XLB – Materials Select Sector SPDR ETF – Shares of the XLB, which invests in companies in the materials economic sector, are trading 2% lower to $33.61. Perhaps the decline in shares stems from the lower than expected December Housing Starts number released this morning. According to MarketWatch, U.S. housing starts fell 4% to a seasonally adjusted annual rate of 557,000 in the month of December. Investors populated the front month contract of the XLB with pessimistic plays in the first 60 minutes of the trading day.
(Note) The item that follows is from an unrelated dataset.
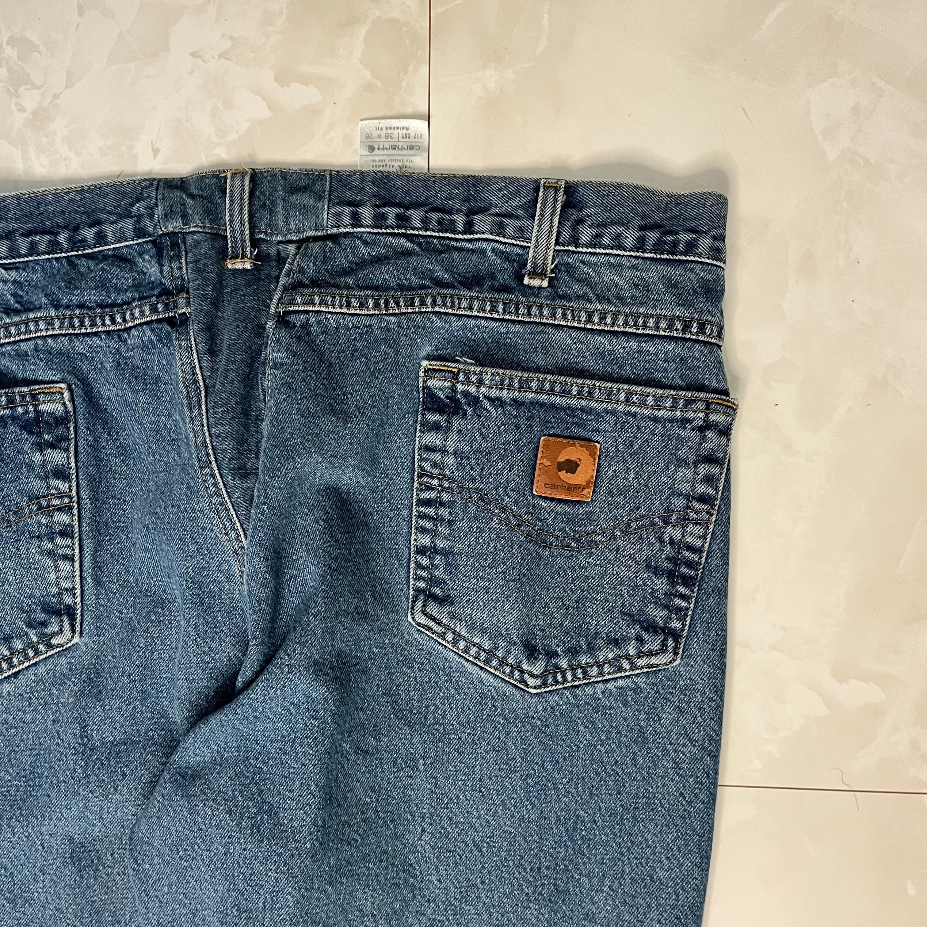 【W38×L28】Carhartt デニムパンツ 革パッチ

Call sellers shed 2,700 lots at the February $34 strike for an average premium of $0.75 apiece. Another chunk of 2,740 calls were sold at the higher February $35 strike for roughly $0.35 each. Bears populated the put side of the field as well, buying up 2,000 contracts at the now in-the-money February $35 strike for $1.56 per contract. Put-buyers accrue profits to the downside beneath the breakeven price of $33.44 through expiration day.
CREE – Cree, Inc. – The manufacturer of semiconductor materials and devices experienced a 17% jump in the value of its shares to attain a new 52-week high of $63.57 today. Shares surged after the firm posted fiscal second-quarter earnings of $0.38 per share, which beat average analyst estimates by $0.08 a share. Some investors established bullish plays on the stock, with roughly 1,500 calls purchased at the February $65 strike for a premium of $1.54 per contract. Others sought to lock in gains by picking up 1,800 puts at the February $60 strike for a premium of $1.65 each. The positive earnings report pushed shares up and option implied volatility significantly lower. Volatility contracted 26.75% to 35.44% as of 10:45 am (EDT).